Censorship devours its own children

July 10, 2007

LRB | Chaohua Wang : Diary (via aldaily.com)

Eighteen years is not a short time; it’s long enough for a baby to become an adult. On 4 June this year, a strange incident occurred. In Chengdu, the capital of the province of Sichuan, a city with a population of 11 million, the small-ads pages of an evening newspaper contained a short item that read: ‘Salute to the steadfast mothers of the 4 June victims.’ The entry was noticed by some readers, scanned and uploaded onto the internet, where it rapidly circulated. The authorities jumped to investigate. Within days, three of the paper’s editors had been fired. How had the wall of silence been breached?
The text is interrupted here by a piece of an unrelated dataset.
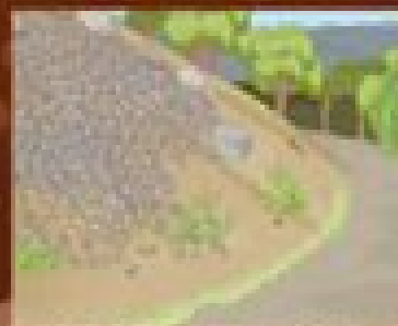
ADD MULCH OR ROCKS

The girl in charge of the small ads, born in the 1980s, had called the number given by the person who placed the ad to ask what the date referred to. Told it was a mining disaster, she cleared it. No one had ever spoken to her about 1989. Censorship devours its own children.

Read about the decision-making behind the inicident-that-must-not-be-named in The Tiananmen Papers. You’ll swear you’re reading bad science fiction. I was fortunate enough to travel to China last year on business, though in fairness, I was told by my native hosts that if you’ve only seen Shanghai, you haven’t really seen China. The only images of Mao I saw were in the souvenir shops, and I still regret not picking up the wind-up alarm clock that had him waving the seconds away. I found a statue of Sun Yat Sen down by the river, and one morning saw about a dozen young men in dress military uniforms marching down the street. But really, that was about it.

Shanghai is glittering, astonishing place in many parts. In other parts, not so shiny. But all of it was big. Really, really big. So big that it sort of defies description. High-rise apartment buildings go on for as far as the eye can see.

I just read recently that the population of the Shanghai municipality has topped 20 million.  By way of comparison, the state of Georgia, our previous home, had a population of just over 9 million in 2005, and that’s spread out over a land area of around 60,000 square miles. Shanghai’s land area is about 2400 sq. miles. No wonder they’re building upwards.

I devour news about China pretty regularly, and commend to you the most recent issue of the Atlantic Monthly, which featured a special focus on China, spearheaded by the excellent James Fallows.